As the world scrambles to respond to Trump’s tariffs, have we reached a fundamental inflection point? “I have no idea,” Maggiori said. “What I can tell you is that the world I grew up in as a teenager, the 1990s, when you look at the long span of history, that’s the exception rather than the norm.”

Defining Economic Power

Economic power, Maggiori has written, is about coercion: “the ability to induce an entity, be it a foreign government or firm, to take an action that it would otherwise not want to take.” How this coercion is practiced and why it works was the subject of much of Maggiori’s 2025 Hsieh lecture, titled “Geoeconomics and the U.S.-China Great Power Competition.”

“Power is very nonlinear,” he explained. “Where I really have you is when I control almost everything” — resources like a payments system or oil — “and it’s extremely difficult to rearrange production away from it.”

China’s influence is rooted in manufacturing, Maggiori said, while the United States derives its strength from its outsize role in global finance and a still-formidable industrial base. These spheres of influence — and the choke points they create — enable the two powers to bend the world to their will — for now.

“I’ve come to think of these large countries [as] coordination devices,” Maggiori said.

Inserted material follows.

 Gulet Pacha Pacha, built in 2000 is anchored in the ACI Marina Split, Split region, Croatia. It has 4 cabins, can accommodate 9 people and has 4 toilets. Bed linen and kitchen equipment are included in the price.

By aligning enormous national institutions and private sector action, they can exercise considerable leverage over smaller nations, industries, and businesses.

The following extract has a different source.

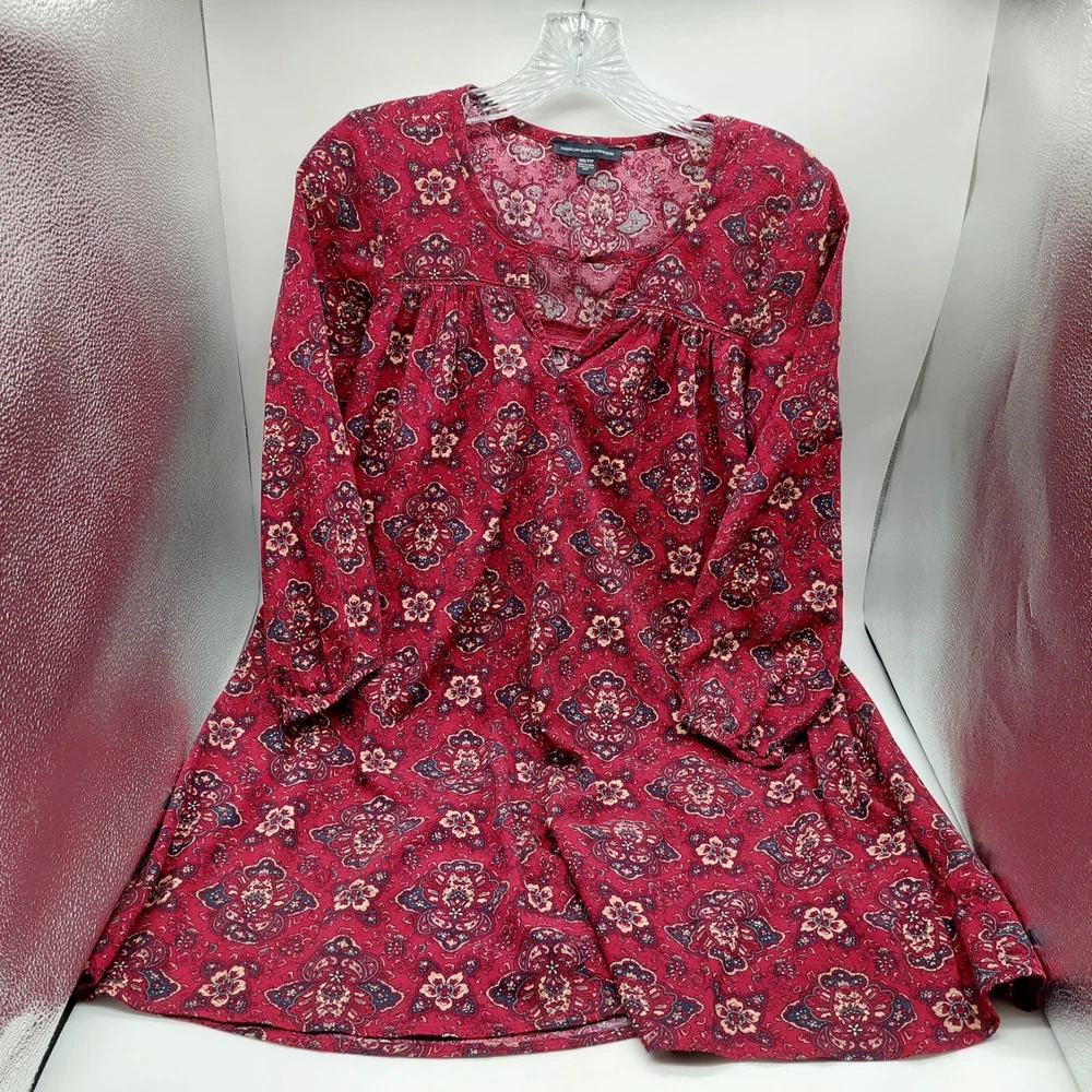 American Eagle Women's Size XXS Red Dress Flare Floral Printed Keyhole Tunic

Coercion and Fragmentation

In his lecture, Maggiori described three fundamental insights into how countries and companies can most effectively play this game of global strategy.

First: Building power is a meaningful policy rationale that may shed light on the current rearrangement of the world economy. If a country aims to build power, for example, it might consider making its resources inexpensive.

“Kill the ability of the rest of the world to produce these things, make them very dependent on you — and then exert power,” Maggiori said. “Think of the dollar payment system: The U.S. doesn’t want [this system] to be expensive. The U.S. wants it to be cheap, because the threat of kicking any one party out is extremely powerful.”

Another insight: When countries marshal their economic might against nations, businesses, or organizations, the targets typically move to protect themselves, disrupting the global economy. “The risk is that we become overly secure at the expense of fragmenting globalization,” Maggiori said. “ Globalization is a little bit like social media: You want to be on this global system because everybody else is on it.… So as we all start to move away, the global system becomes less and less appealing, and we get a fragmentation doom loop.”

Finally, limited coercion is the most effective form of coercion. “If you’re one of these big, powerful countries and you bully the rest of the world all the time, they’re going to react, and they’re going to react by moving away from you, by not wanting to deal with you, because they’re constantly afraid of being bullied,” Maggiori said. “Ultimately, that dissipates your own power.”